= Donna Turnbow =

American former gymnast (born c. 1961)

Donna Jean Turnbow (born c. 1961) is an American former gymnast who was US all-around national champion in 1977. She reached the top score at the September 1978 trials that selected the American team for the 1978 World Artistic Gymnastics Championships.

In 2022 she was inducted into the Southern California Jewish Sports Hall of Fame.

Donna's "Firsts":

1st US gymnast to win an all-around championship outside the U.S. (1978 Champions All, London, with Kurt Thomas winning the men's competition)

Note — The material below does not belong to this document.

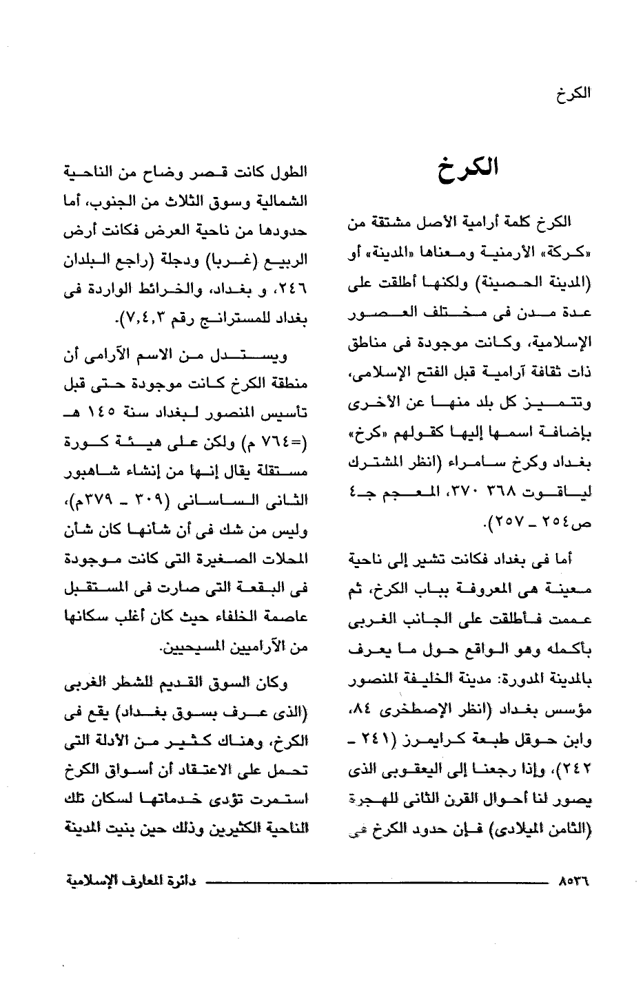 أما فى بغداد فكانت تشير إلى ناحية معينة هى المعروفة بباب الكرخ، ثم عممت فأطلقت على الجانب، الغربى بأكمله وهو الواقع حول ما يعرف بالمدينة المدورة: مدينة الخليفة المنصور مؤسس بغداد (انظر الإصطخرى 84، وإبن حوقل طبعة كرايمرز (241 - 242) وإذا رجعنا إلى اليعقوبى الذى يصور لنا أحوال القرن الثانى للهجرة (الثامن الميلادى) فإن حدود الكرخ فى الطول كانت قصر وضاح من الناحية الشمالية وسوق الثلاث من الجنوب، أما حدودها من ناحية العرض فكانت أرض الربيع (غربًا) ودجلة (راجع البلدان 246 وبغداد، والخرائط الواردة فى بغداد للمسترانج رقم 3, 4, 7).

1st gymnast to win state, regional, and national titles in same year

1st gymnast to do a front stalter and back stalter in the same bar routine, 1975 Pan Am trials

1st gymnast to do the Nadia Comaneci bar dismount over the low bar, 1977

1977 USA-Romania dual meet at the Superdome in New Orleans

It was the largest audience (20k) for an international gymnastics meet.

When Nadia was given a lower score than Donna on the uneven parallel bars, Bela Karoli (the Romanian coach at that time) and the team threatened to boycott and leave the meet. There was a 30-minute delay and the crowd booed. The judges raised Nadia’s score to tie Donna's score.  The media did not cover this part of the story.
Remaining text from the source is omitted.